On a sunny afternoon in February 2021, I was sitting in the shade of a neem tree with my great-aunt Yellamma.
We were in Ramavaram, a small town in the South Indian state of Telangana, and the early summer heat was already in the air.
I hadn’t seen my father’s aunt since I was 14, but now, ten years later, she welcomed me into her arms.
Growing up, my family moved often because of my father’s government job. I would only see my relatives once a year when we visited our hometown of Dornakal in eastern Telangana and at weddings or funerals. But whenever I saw my relatives, I pestered them with questions about their lives, trying to understand my roots.
That day was no different, and Yellamma and I talked for hours at the house where our family had gathered for the memorial of a distant relative.
Yellamma, who was 75, wore a dark green sari and her hair was in a tight bun. She answered my questions in her stern voice, her gaze intense as she recalled her younger years and cursed the hardships she had endured.

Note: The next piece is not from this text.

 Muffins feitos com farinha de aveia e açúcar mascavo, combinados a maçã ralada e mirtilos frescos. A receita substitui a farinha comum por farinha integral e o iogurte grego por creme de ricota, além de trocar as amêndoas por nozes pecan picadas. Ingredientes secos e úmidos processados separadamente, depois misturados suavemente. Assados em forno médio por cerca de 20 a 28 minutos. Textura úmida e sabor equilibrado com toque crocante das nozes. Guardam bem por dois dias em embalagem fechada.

We are Madigas – a Dalit community concentrated in the southern states of India, considered ‘untouchable’ by the Indian caste system. The four-tiered Chatur Varna system consists of Brahmins (priests), followed by Kshatriyas (warriors and rulers), Vaishyas (merchants), and Shudras (workers). Dalits exist as a fifth category, outside of caste society.
In India, caste, a status dictated by birth, often remains the cause of class differences. While education has enabled some Dalits to live comfortable lives, many communities such as Madigas – traditionally tasked with making and repairing shoes, tanning leather and scavenging dead animals – still face forced labour, poverty and discrimination across the country.

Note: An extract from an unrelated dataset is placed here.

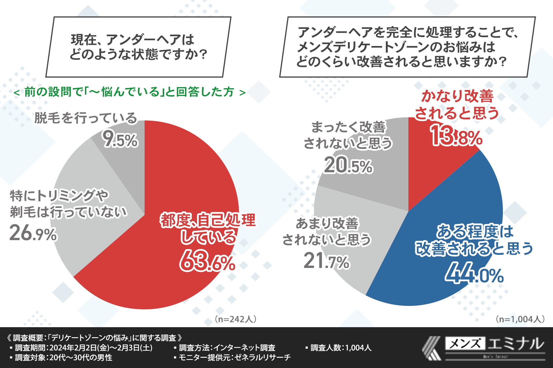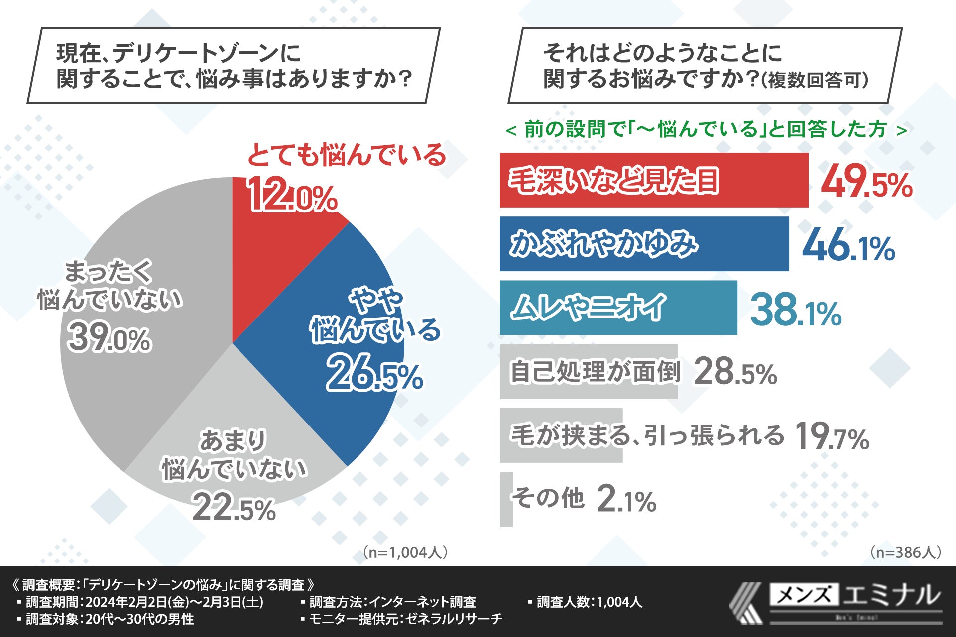そこで今回、メンズ専用脱毛クリニック「メンズエミナル」(https://mens-eminal.jp/lp/?refmedia=31073)は、20代~30代の男性を対象に「デリケートゾーンの悩み」に関する調査を実施しました。

Yellamma, like many Madiga women of her time, worked as a farm laborer. It was a hard life of toiling in the fields, sweeping and doing other menial work for a day’s wages.

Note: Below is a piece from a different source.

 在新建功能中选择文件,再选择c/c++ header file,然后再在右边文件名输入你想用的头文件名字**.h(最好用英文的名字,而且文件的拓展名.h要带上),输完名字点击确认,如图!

But there was another job I was curious about, a practice I casually heard of, where so-called “lower caste” women were required to be wet nurses for “upper caste” children. How far back did this practice go, I wondered. And did I know anyone who was once a nurse?
“Nanamma (grandmother), do you know anyone from our family or community who breastfed upper caste children?” I asked her.
Yellamma straightened her back and looked at me. “I know a lot of them, beta (child)”, she replied. “But why would an educated boy like you want to dig up the misery of the past? I thought kids your age just bury their faces in their phones.”
But she frowned and started telling me about Akkamma*, a Madiga woman she knew in her village Gundrathimadugu when she was just a teenager.